In opposition, plaintiffs argue that this matter raises many questions of fact including: the proper interpretation of the indemnification clause of the Merger Agreement; whether the Shareholders orally agreed to indemnify Sportsline relating to the Broadview Action; whether Fortnow's retention of Kantor Davidoff, day-to-day involvement in the defense of the Broadview Action, payment of attorneys' fees in such case, commencement of the Hughes Hubbard litigation, and agreement to use the proceeds of such litigation toward any liability to Sportsline or settlement in the Broadview Action, indicated an acknowledgment to indemnify Sportsline; whether Broadview made claims concerning its additional compensation; and whether Sportsline expressed it intent to seek indemnification from the Shareholders concerning such claims, during the Earn Out Period.

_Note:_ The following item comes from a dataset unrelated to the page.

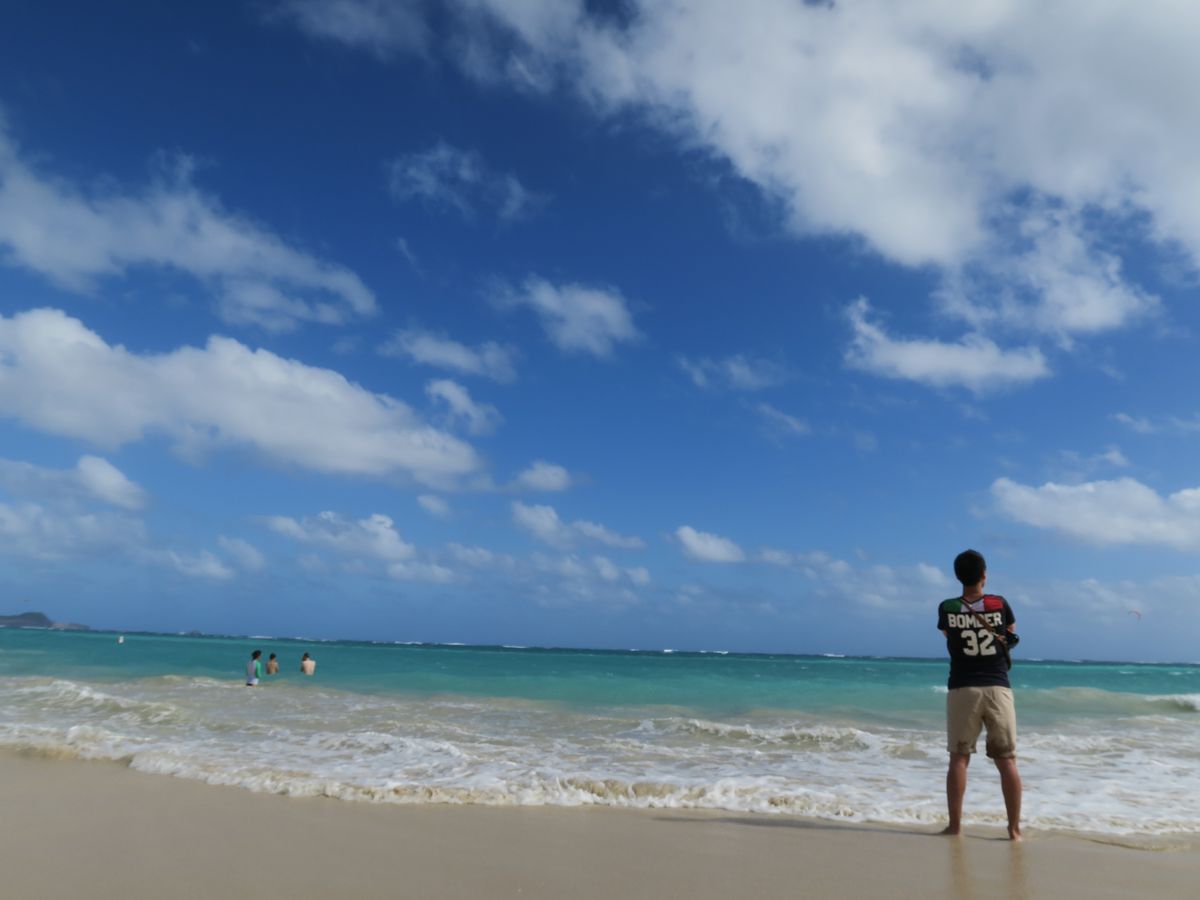 その後、レンタル自転車借りてカイルアビーチへ。風がとても強かったのですが、すっごく海が綺麗でした。時間がギリギリですが、是非いった方がいいです。綺麗です。

Plaintiffs also argue Fortnow's alleged documentary evidence does not conclusively establish that their breach of contract claim is barred by documentary evidence. There is an issue as to whether Sportsline would have a good claim for indemnification against the Shareholders and thus, whether plaintiffs should have settled with Sportsline. Notably, Fortnow did not raise the argument that Sportsline was not entitled to indemnification for claims of Broadview made after the expiration of the first year of the company's operation until Sportsline sought indemnification for the settlement amount it paid to Broadview. There is also a question as to why Fortnow paid legal fees if the Shareholders were not required to indemnify Sportsline in connection with Broadview's claims for additional compensation. In any event, the Shareholders agreement to indemnify Sportsline extended to Broadview's claims for additional compensation and was not barred by the Merger Agreement.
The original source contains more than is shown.